El Barro Tiene Voz: the name literally meaning “the mud has a voice,” an exhibit of pottery and ceramics.
Most works include English descriptions, and you can visit the museum with a group or as an individual. Prices vary based on the size of your group and certain demographics.
If you’re a Colombian resident with a socioeconomic stratification classification of 1-3, admission is free.
Speaking of socioeconomic stratification, it’s worth discussing the location of Museo de Antioquia: right in the center of Comuna 10, known as La Candelaria. This location includes the historic Centro of the city.
This sometimes intimidates foreigners and tourists interested in visiting the museum because La Candelaria is not exactly known for safety and has a grittier appearance than Poblado or Laureles.
For reference, Poblado has residents predominantly classified as level 6 in the government’s definitions of socioeconomic strata (the highest possible).
And, Laureles predominantly residents classed 5. In contrast, La Candelaria is home to people mostly classed as 4.
In the past, it has been one of the more dangerous neighborhoods. But, after extensive investment and city improvements by the government in security measures including cameras, it’s a relatively safe place for foreigners, especially during the day.
Getting to Museo de Antioquia
If you’re concerned about walking through neighborhoods like Estacion Villa and San Benito to get to the museum, it’s easy enough to take a taxi to Plaza Botero.
This is the square around the museum that features sculptures by Fernando Botero. It also features numerous local vendors selling fresh Colombian fruit and baked goods.
You can also take the metro to Parque Berrío on the blue A-line. If you’re coming from Laureles, you can take the orange B line to San Antonio and then transfer to the A. Or, it’s an eight-minute walk from there to the museum.
The pedestrian areas and parks around Museo de Antioquia like Plaza Botero are patrolled by police and fairly safe.
There are usually a lot of people, though, so use the caution you would in any large city to avoid pickpockets.
Keep valuables in your front pockets, zipped closed ideally, and avoid bumping into people. You’ll want your cash to buy an empanada.
I was enamored with Botero’s work after seeing it at Museo de Antioquia. His signature style, known as Boterismo, is captivating.
While professional critics usually describe it as depicting figures in an “exaggerated volume,” you’re more likely to hear the layman describe it as, well, fat. It’s not just people, though. Even Botero’s still lifes have eye-catching plumpness.

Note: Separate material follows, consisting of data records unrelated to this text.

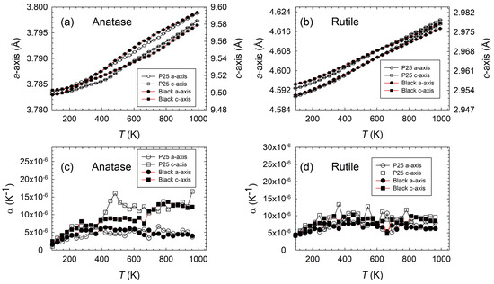 (a,b) Temperature evolution of a-axis and c-axis of P25 and black TiO2 for anatase and rutile tetragonal phases, respectively. (c,d) Experimental coefficient of thermal expansion (α) of P25 and black TiO2 for anatase and rutile tetragonal phases, respectively.
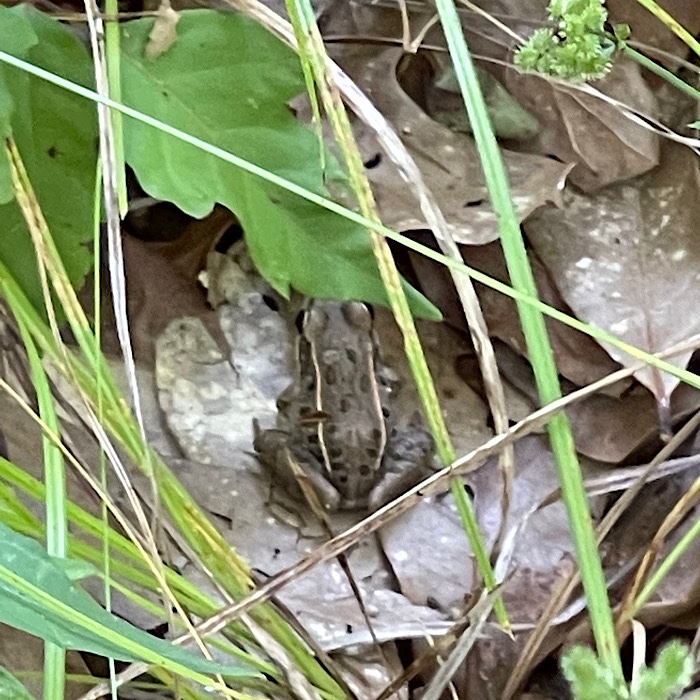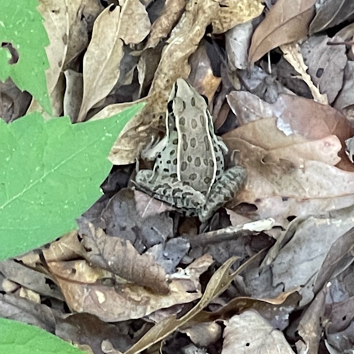 We saw a couple of frogs. Once the frogs hopped out of the path, they were almost impossible to see in the brown leaves. We also saw a couple of egrets, but I wasn’t able to get a picture of them.
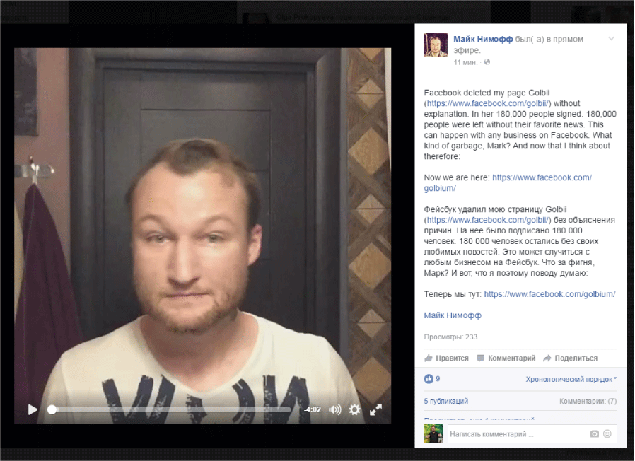 Блокировка может задеть и профиль, и группу, и страницу. Удаляют и блокируют иногда даже за самые невинные, казалось бы, посты и комментарии (в конце статьи будет яркий рассказ потерпевшего о том, за что его заблокировали, и как выйти из бана). При этом срок давности не имеет значения. В сети есть масса воплей о помощи и обид на Facebook за удаление и блокировку аккаунтов за посты и комментарии, которым было уже пару лет на момент жалобы.
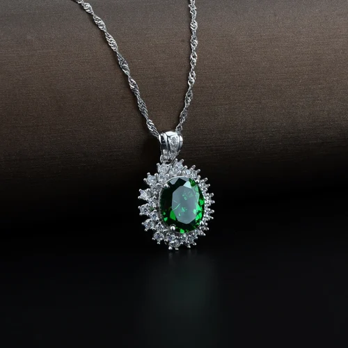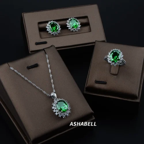 Sterling Silver 925 Jewellery Green Gemstone Set Wedding Set Earrings Ring Pendant Necklace
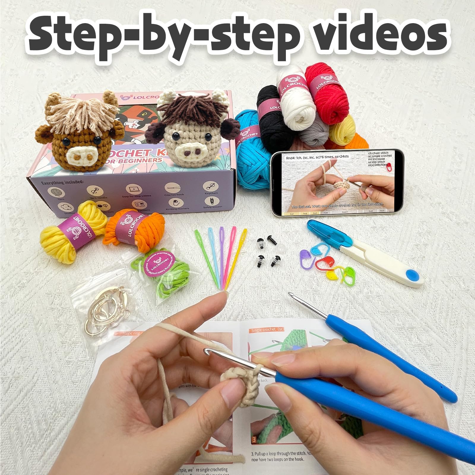 Kit complet de démarrage au crochet : le kit de crochet de vache des Highlands contient tout ce dont les débutants ont besoin : un guide étape par étape, 1 crochet, 6 brins de fil de coton doux, 1 paire de ciseaux, 8 yeux de sécurité, 5 marqueurs de maille, 2 aiguilles à coudre en laine à gros poids, 2 porte-clés et 1 remplissage pour 2 bovins des Highlands. Kits de crochet / Kit de crochetage vache Highland pour débutants, kit de démarrage 1 pièce pour crocheter amigurumi animal avec instructions vidéo étape par étape, kit de tricot facile pour crocheter des poupées comme cadeau de Noël Que vous soyez nouveau dans le crochet ou un amateur de crochet expérimenté, ce kit de crochet de vache des Highlands pour débutants répond à vos besoins. Également un excellent cadeau pour les fans de crochet de bricolage entre amis ou famille Les bovins finis séduisent les enfants comme jouets ou deviennent de beaux cadeaux faits à la main pour les anniversaires/vacances. 40 % de fil supplémentaire dans chaque couleur : nous avons fait un effort supplémentaire en fournissant 40 % de fil pour chaque couleur, afin que les débutants puissent expérimenter et corriger toutes les erreurs qu'ils pourraient commettre sans se soucier de manquer de fil. Kit de crochet parfait pour les enfants, les adultes et les amateurs de travaux manuels. Coloriage vache : Téléchargez et imprimez des dessins gratuits pour enfants Le kit de démarrage idéal pour tous les amateurs de crochet. 3in1 Highland Kuh Babydecke häkeln Muster Schottische Kuh-Decke Kinderwagen Häke Kit Crochet Débutant Enfant Rideau De Porte Vache Des Highlands Pour L'Intimité De La Porte, Rideau Apprentissage Crochet Facile Utilisez vos bovins au crochet comme décoration intérieure de voiture, pendentif de sac, décoration de bureau, décoration de salle de classe ou kit de crochet de vache des hautes terres – vous combinez ainsi le plaisir du bricolage avec des accents personnels et élégants. Kit de crochet polyvalent pour vache des hautes terres : plus que pour apprendre – un choix économique pour vous !, 1., En cadeau : ce kit de crochet pour débutants est le cadeau idéal pour les amis et la famille -- il apporte joie et surprise à vos proches ! Non seulement le crochet est amusant, mais les animaux finis attirent également tous les regards., 3., Comme jouet - Ensemble vache au crochet : les animaux au crochet finis sont doux et parfaits comme compagnon douillet pour les enfants. 2 aiguilles à coudre en laine à gros poids., 2 porte-clés. 1 matériau de remplissage pour 2 vaches au crochet
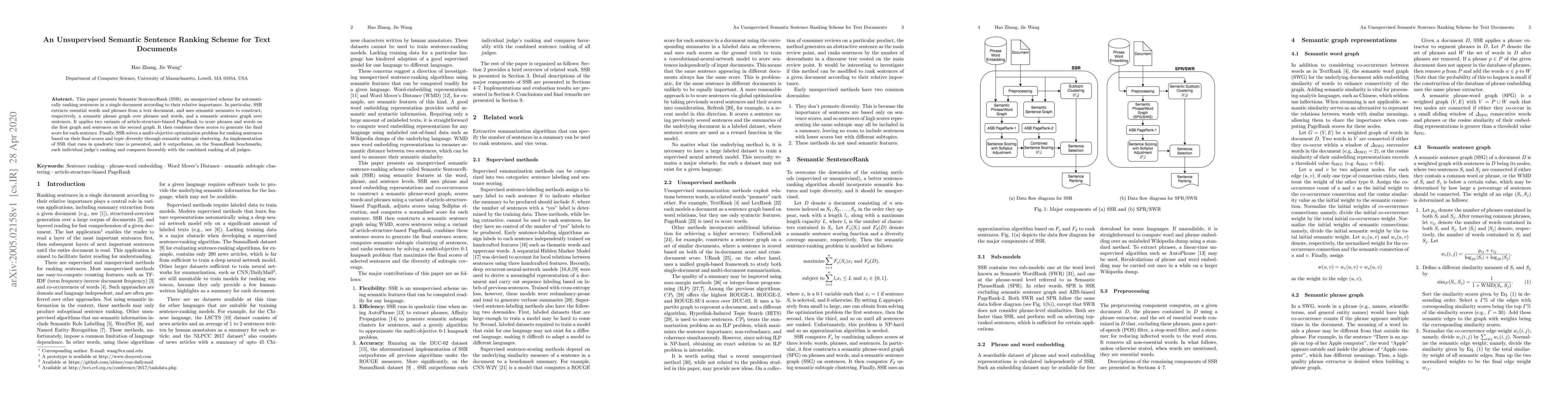This paper presents Semantic SentenceRank (SSR), an unsupervised scheme for automatically ranking sentences in a single document according to their relative importance. In particular, SSR extracts essential words and phrases from a text document, and uses semantic measures to construct, respectively, a semantic phrase graph over phrases and words, and a semantic sentence graph over sentences. It applies two variants of article-structure-biased PageRank to score phrases and words on the first graph and sentences on the second graph. It then combines these scores to generate the final score for each sentence. Finally, SSR solves a multi-objective optimization problem for ranking sentences based on their final scores and topic diversity through semantic subtopic clustering. An implementation of SSR that runs in quadratic time is presented, and it outperforms, on the SummBank benchmarks, each individual judge's ranking and compares favorably with the combined ranking of all judges.

Botero was born in Medellín in 1932 and started his art career making illustrations for the newspaper El Colombiano. His paintings and sculptures cover a wide range of themes from still lifes and historical portraits to politically critical depictions of current events.
Some of his most notable works include:
Mona Lisa, Age Twelve (1959)
The Presidential Family (1967)
Pedrito on a Wooden Horse (1974)*
Louis XVI and Marie Antoinette (1990)*
Death of Pablo Escobar (1999)*
*Located in Museo de Antioquia
After learning about Fernando Botero in Medellín, I began seeing his work, style, and influence everywhere.
In fact, there was even a sculpture of his waiting for me in the Palma airport when I stepped off the plane. His collection at Museo de Antioquia, as well as the rest of the artwork displayed there, will enrich your time in the city and give you a unique but intimate look into its history and culture.
Spend a Day Wandering the Halls of Museo de Antioquia
Museo de Antioquia is a great place to spend an afternoon. In fact, it’s the ideal spot to hang out on a rainy day!
With this guide, you’ll be fully prepared to enjoy wiling away the hours in this comprehensive museum.